STOMA: Towards real-time, enhanced text-to-speech synthesis on the device (PI, 2022-2024)
ELIDEK
ELIDEK
Text-to-Speech (TTS) Synthesis facilitates to ease the human-machine communication by converting arbitrary text to informative and natural speech signals. Recent TTS systems based on neural network models constitute a major breakthrough in terms of quality, naturalness and expressivity of synthetic speech. Unfortunately, neural-based TTS systems have millions of trainable parameters demanding not only expensive computational resources but also large collections of high-quality recordings. Subsequently, the development and deployment of product quality speech synthesis systems is laborious and costly and, at the same time, the generation of synthetic speech (i.e., the inference process) is slow.
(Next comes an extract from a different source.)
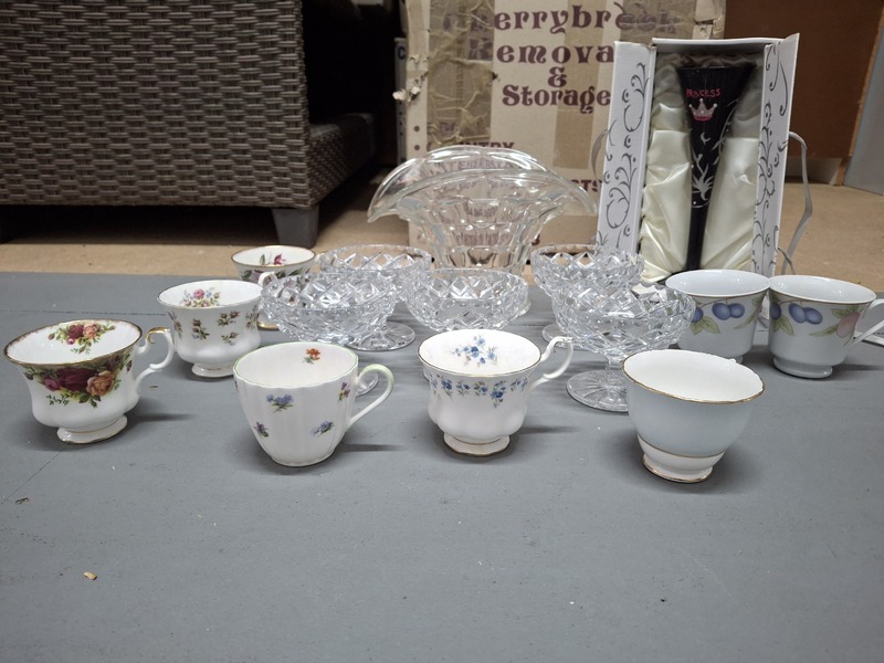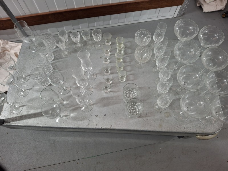 Household items, glassware, dinner set, furniture, boxes, DVD's/CD's/books/games.

STOMA fundamentally targets on devising and implementing novel and lighter TTS synthesis systems whose parametric space will be significantly smaller than the existing without sacrificing the speech quality and naturalness. Lighter TTS systems enable for real-time speech production on the device due to the need for fewer computational operations inside the neural network. Additionally, STOMA takes into consideration the vibrating and quasi-periodic nature of speech as well as the spectro-temporal analysis of human's auditory system and it will be robustly adapted to intelligibility-enhanced synthesis systems through transfer learning.